Correlation Between Bank of America and Global Lights
Can any of the company-specific risk be diversified away by investing in both Bank of America and Global Lights at the same time? Although using a correlation coefficient on its own may not help to predict future stock returns, this module helps to understand the diversifiable risk of combining Bank of America and Global Lights into the same portfolio, which is an essential part of the fundamental portfolio management process.
By analyzing existing cross correlation between Bank of America and Global Lights Acquisition, you can compare the effects of market volatilities on Bank of America and Global Lights and check how they will diversify away market risk if combined in the same portfolio for a given time horizon. You can also utilize pair trading strategies of matching a long position in Bank of America with a short position of Global Lights. Check out your portfolio center. Please also check ongoing floating volatility patterns of Bank of America and Global Lights.
Diversification Opportunities for Bank of America and Global Lights
-0.3 | Correlation Coefficient |
Very good diversification
The 3 months correlation between Bank and Global is -0.3. Overlapping area represents the amount of risk that can be diversified away by holding Bank of America and Global Lights Acquisition in the same portfolio, assuming nothing else is changed. The correlation between historical prices or returns on Global Lights Acquisition and Bank of America is a relative statistical measure of the degree to which these equity instruments tend to move together. The correlation coefficient measures the extent to which returns on Bank of America are associated (or correlated) with Global Lights. Values of the correlation coefficient range from -1 to +1, where. The correlation of zero (0) is possible when the price movement of Global Lights Acquisition has no effect on the direction of Bank of America i.e., Bank of America and Global Lights go up and down completely randomly.

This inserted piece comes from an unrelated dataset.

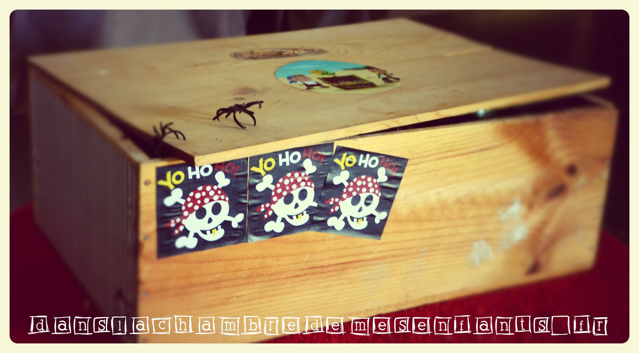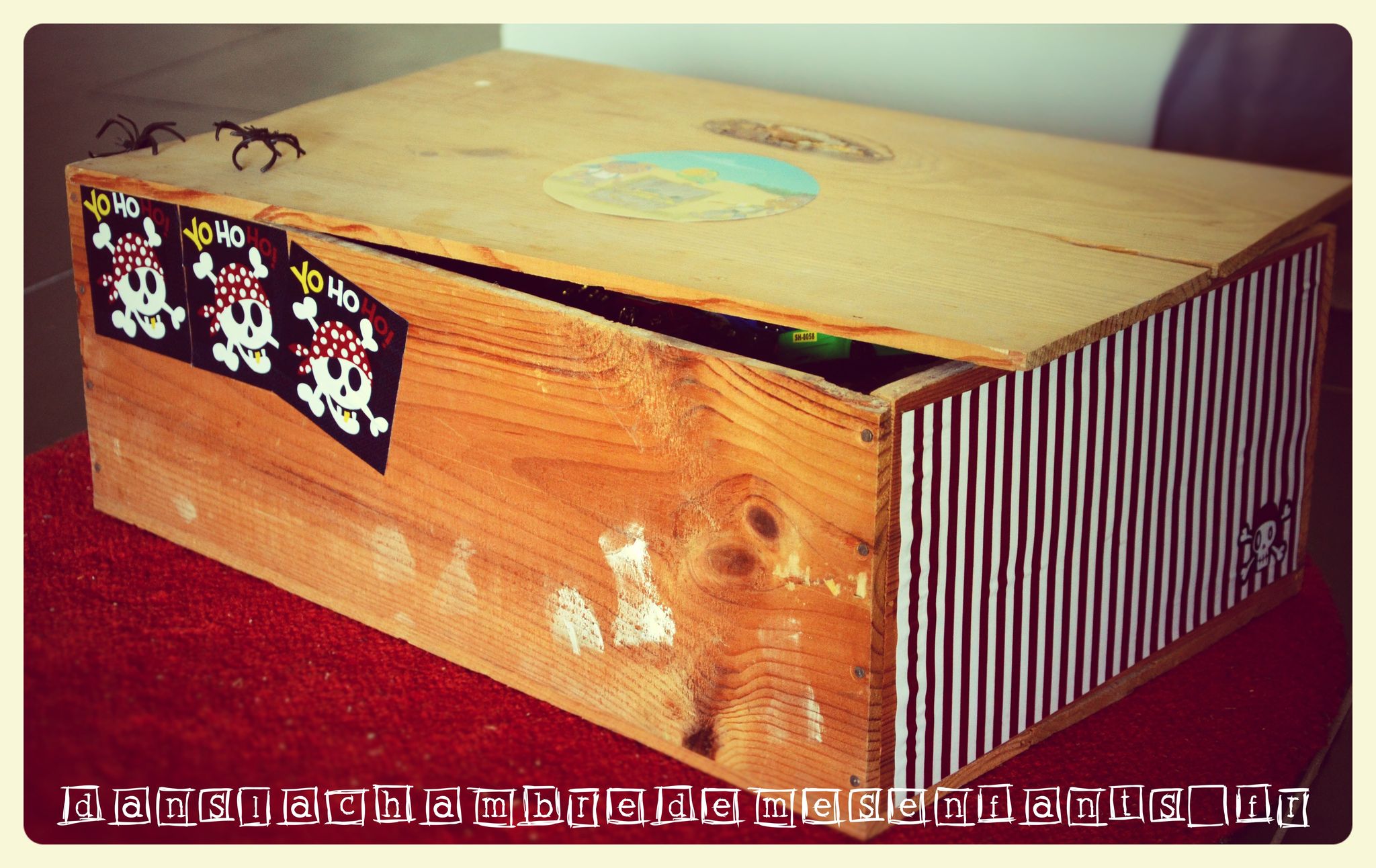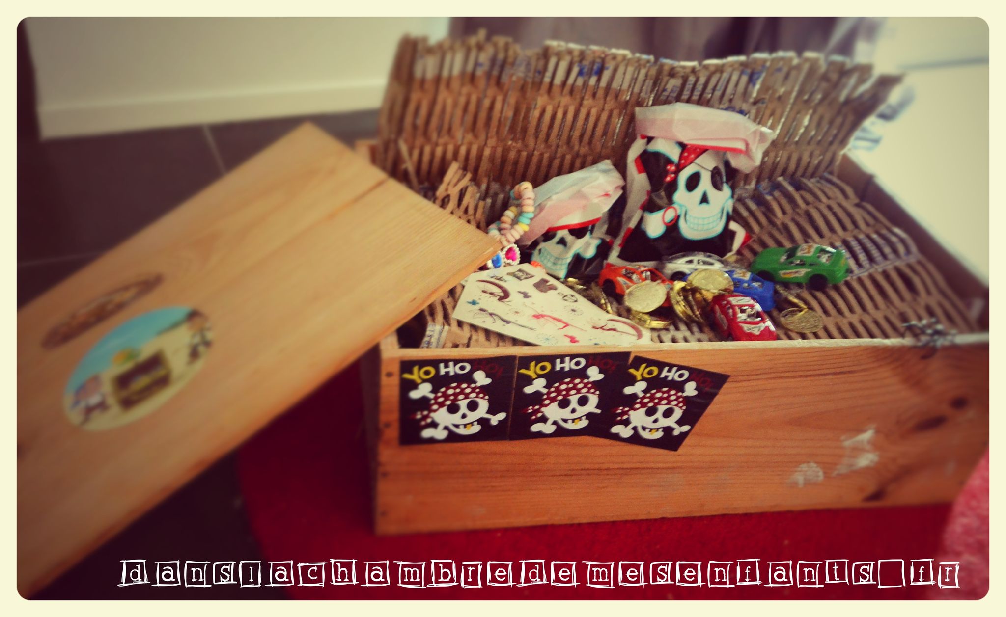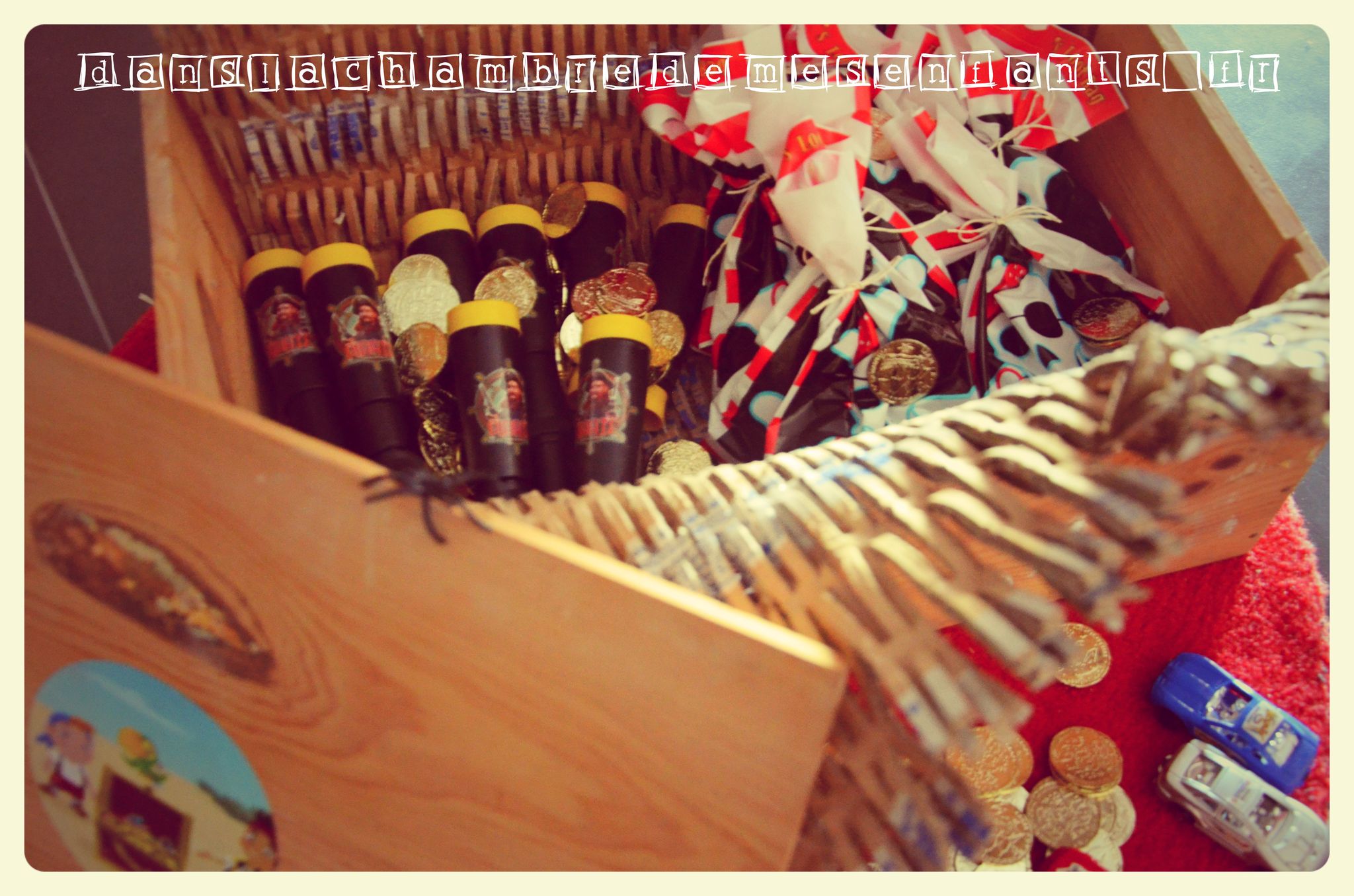 Le coffre au trésor a été improvisé à partir d’une caisse à vin (dont les vieilles étiquettes ont été masquées) : des jouets de kermesse et des sachets de bonbons pour chacun les attendaient !

Pair Corralation between Bank of America and Global Lights
Considering the 90-day investment horizon Bank of America is expected to generate 32.34 times more return on investment than Global Lights. However, Bank of America is 32.34 times more volatile than Global Lights Acquisition. It trades about 0.14 of its potential returns per unit of risk. Global Lights Acquisition is currently generating about 0.58 per unit of risk. If you would invest 4,438 in Bank of America on October 25, 2024 and sell it today you would earn a total of 141.00 from holding Bank of America or generate 3.18% return on investment over 90 days.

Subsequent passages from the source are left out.